Google has finally given a BIG upgrade to its open source AI – Tensorflow
Google’s open source machine learning TensorFlow, which became the most popular project on GitHub, has added another feather to its cap with its new multi-server version of TensorFlow.
The most notable feature of this tool, which many TensorFlow users have been asking for since the tool made its public debut in late 2015, is its ability to operate on multiple devices at the same time.
TensorFlow is based on a branch of Artificial Intelligence called deep learning, which draws its inspiration from the way, how human brain cells communicate with each other. In other words, TensorFlow can be used to teach computers how to process data in the same way how the human brain handles information.
Also, deep learning has become central to the machine learning efforts of tech giants such as Microsoft, Facebook, and Yahoo, all of which are already busy in releasing their own AI projects.

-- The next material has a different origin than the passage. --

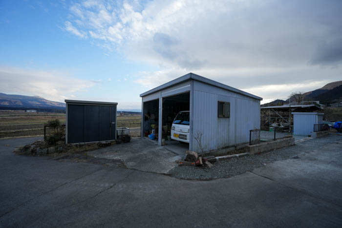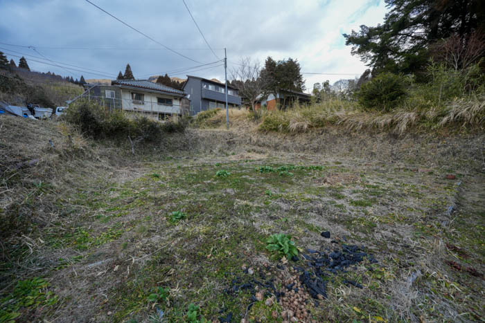 離れのさらに上段にある空き地は自家菜園にもってこい。北側の外輪山を背にして見下ろす母屋越しの景観もまた良い感じ。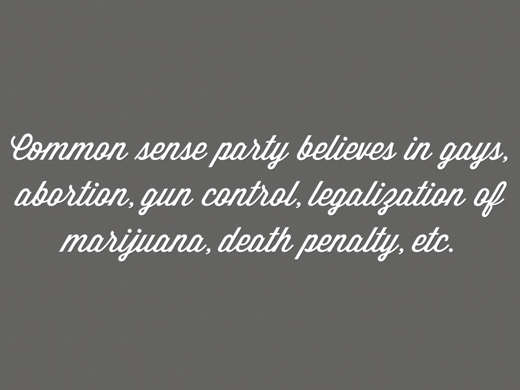 Common sense party believes in gays, abortion, gun control, legalization of marijuana, death penalty, etc.

According to Google’s chief executive, Sundar Pichai – It’s up to 5 times faster than its predecessor. Now, this explains the delay in releasing its more powerful new version. Also, Google was facing difficulties in adapting the software to be used outside Google’s highly customized data centers.
Distributed TensorFlow is powered by gRPC library, which supports training on hundreds of machines in parallel. It also complements Google’s recent announcement of Google Cloud Machine Learning, which enables the user to serve its open source tool models using Google Cloud Platform.
TensorFlow was developed to improve services Google users use on a regular basis. It has allowed the photo tool to identify many of the subjects in the images uploaded to its servers and taught the translation app to understand more of language’s peculiarity.
It has also made it easier for Google’s mobile apps to understand what people say when giving verbal instructions to its search engine.
Well, not everyone needs to run this open source machine learning on hundreds or thousands of servers. But many startups and researchers could benefit from running it on multiple machines.
Even if it isn’t obvious why a service suddenly became smarter and more accurate. But these improvements will eventually benefit ordinary people through Google’s everyday products. Because it’s only now we’ll start to really see what’s this unshackled TensorFlow is capable of.